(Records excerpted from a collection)
· · · · ·
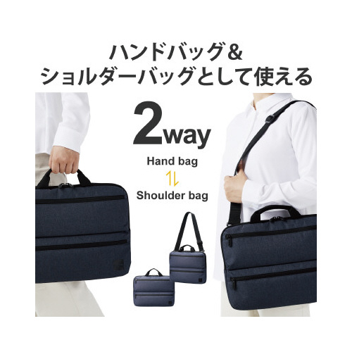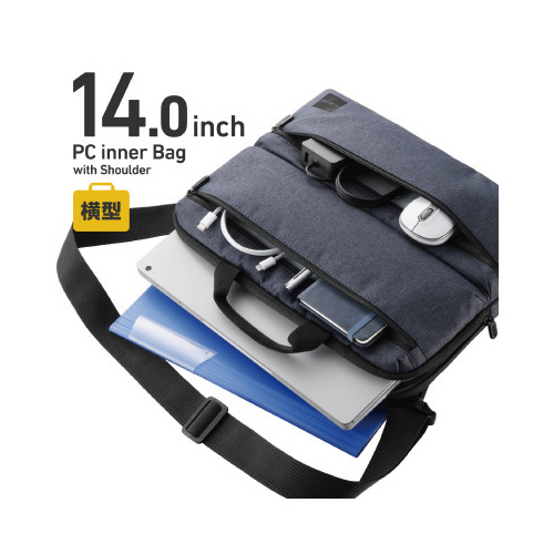 ノートパソコン、周辺機器、筆記用具、書類をまとめて持ち運べる!十分な収納力を備えた、14.0インチ対応のショルダーベルト付き横型インナーバッグ。
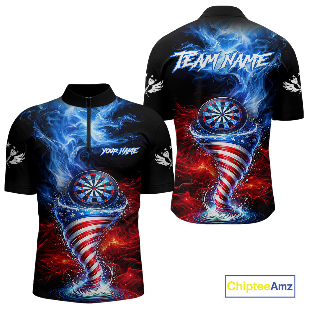 Blue & Red US Flag Dartboard Tornado Men Darts Quarter-zip Shirt Custom Patriotic Dart Team Jerseys NYN2524
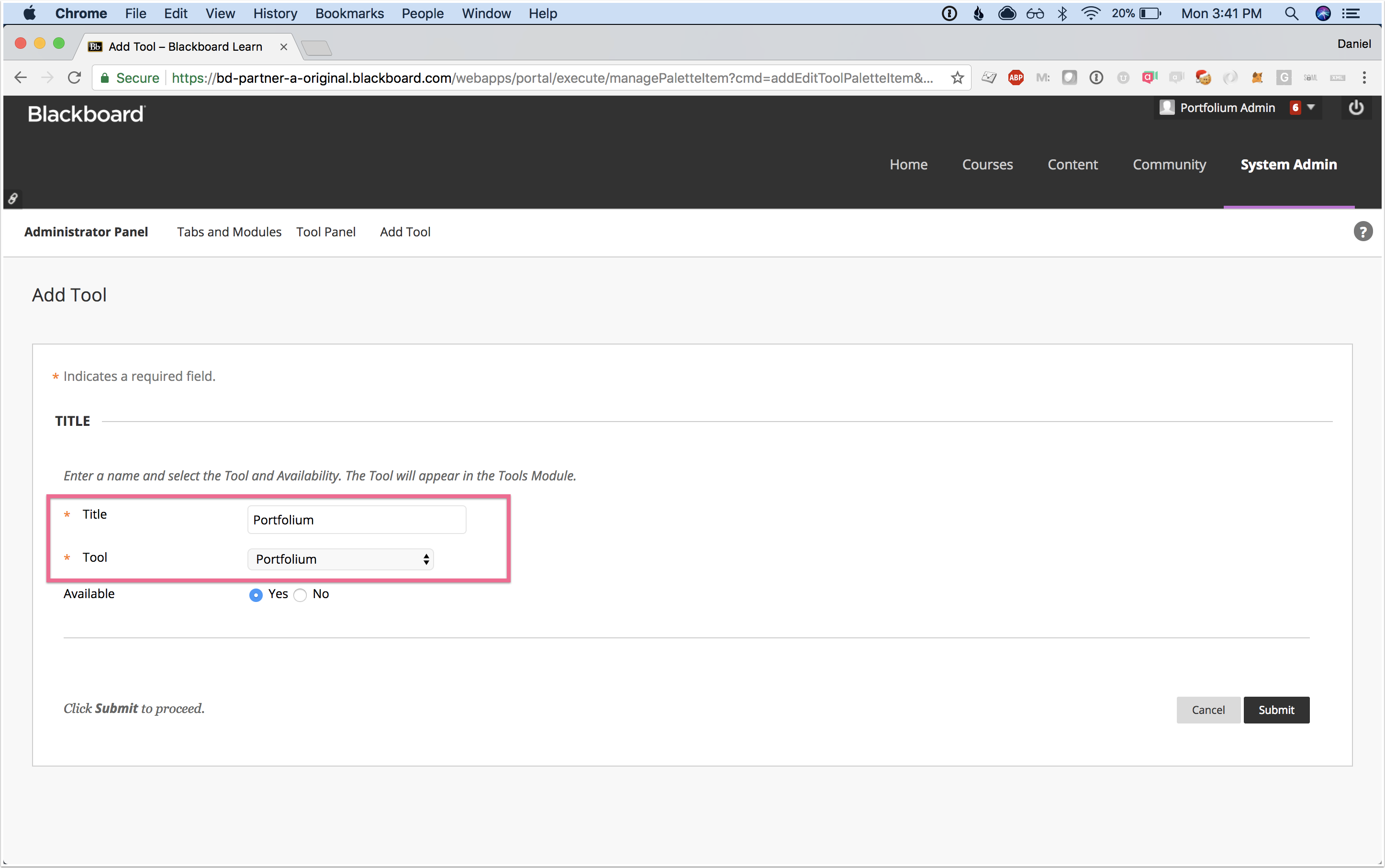 Step 2:Add a new tool to the panel, and select the new "Portfolium" tool that was created.(Hint: we recommend naming it "Portfolium")
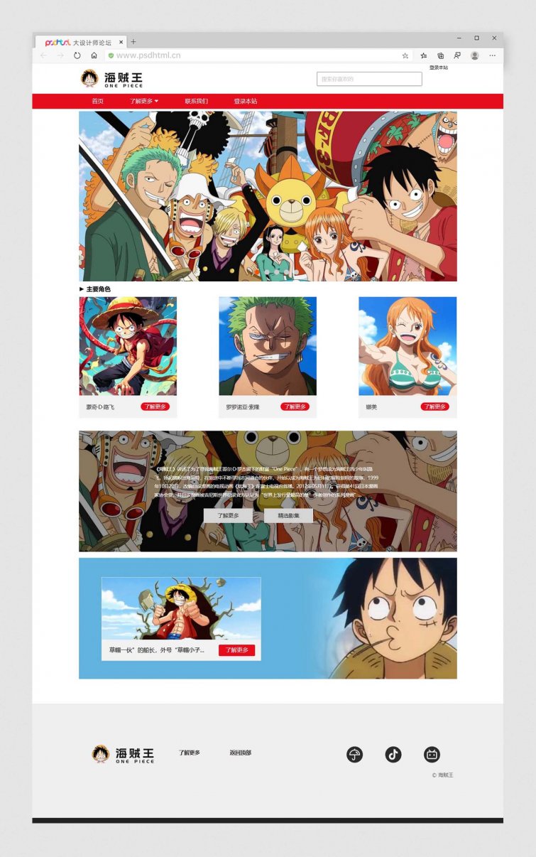 【Html5 div+css】海贼王主题 新版布局 网页设计dw作品-PsdHtml.CN大设计师论坛-网页作业代做|免费下载 Html CSS网页设计成品下载
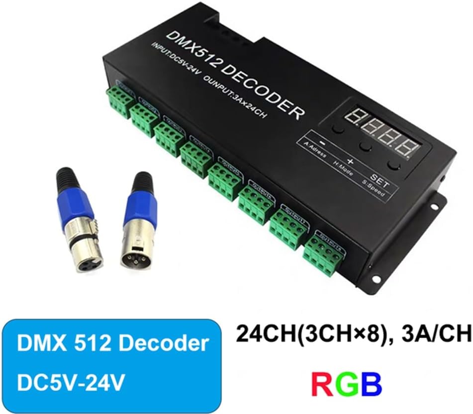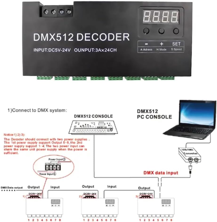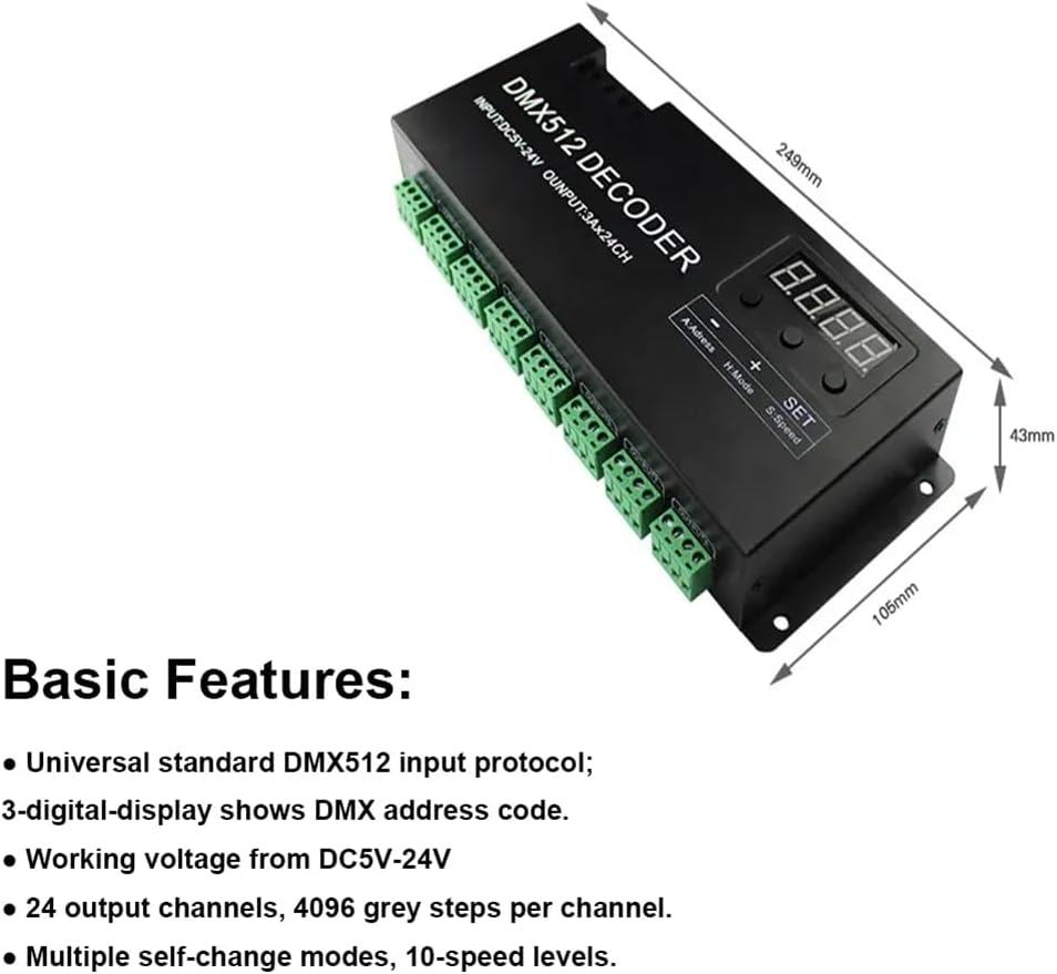 2. La console può controllarlo e può essere collegata a un numero di decoder per aumentare la potenza in uscita e realizzare tutti i tipi di modalità di cambiamento. 3. Questo decoder può essere utilizzato come controller sincrono per controllare solo il LED, può realizzare effetti sincroni. 1. Questo decodificatore adotta un chip di controllo computerizzato avanzato, può ricevere i segnali di controllo digitale standard internazionale -512 e convertirli in un segnale di controllo PWM per pilotare il LED. 4. Questo decodificatore adotta il tubo digitale per mostrare il codice 'indirizzo e 3 pulsanti per l'impostazione ne facilitano l'utilizzo.
· · · · ·
> ASSIGNED TASK:
Retype each entry exactly as it appears, excluding any image.

> TASK OUTPUT:
 ノートパソコン、周辺機器、筆記用具、書類をまとめて持ち運べる!十分な収納力を備えた、14.0インチ対応のショルダーベルト付き横型インナーバッグ。
 Blue & Red US Flag Dartboard Tornado Men Darts Quarter-zip Shirt Custom Patriotic Dart Team Jerseys NYN2524
 Step 2:Add a new tool to the panel, and select the new "Portfolium" tool that was created.(Hint: we recommend naming it "Portfolium")
 【Html5 div+css】海贼王主题 新版布局 网页设计dw作品-PsdHtml.CN大设计师论坛-网页作业代做|免费下载 Html CSS网页设计成品下载
 2. La console può controllarlo e può essere collegata a un numero di decoder per aumentare la potenza in uscita e realizzare tutti i tipi di modalità di cambiamento. 3. Questo decoder può essere utilizzato come controller sincrono per controllare solo il LED, può realizzare effetti sincroni. 1. Questo decodificatore adotta un chip di controllo computerizzato avanzato, può ricevere i segnali di controllo digitale standard internazionale -512 e convertirli in un segnale di controllo PWM per pilotare il LED. 4. Questo decodificatore adotta il tubo digitale per mostrare il codice 'indirizzo e 3 pulsanti per l'impostazione ne facilitano l'utilizzo.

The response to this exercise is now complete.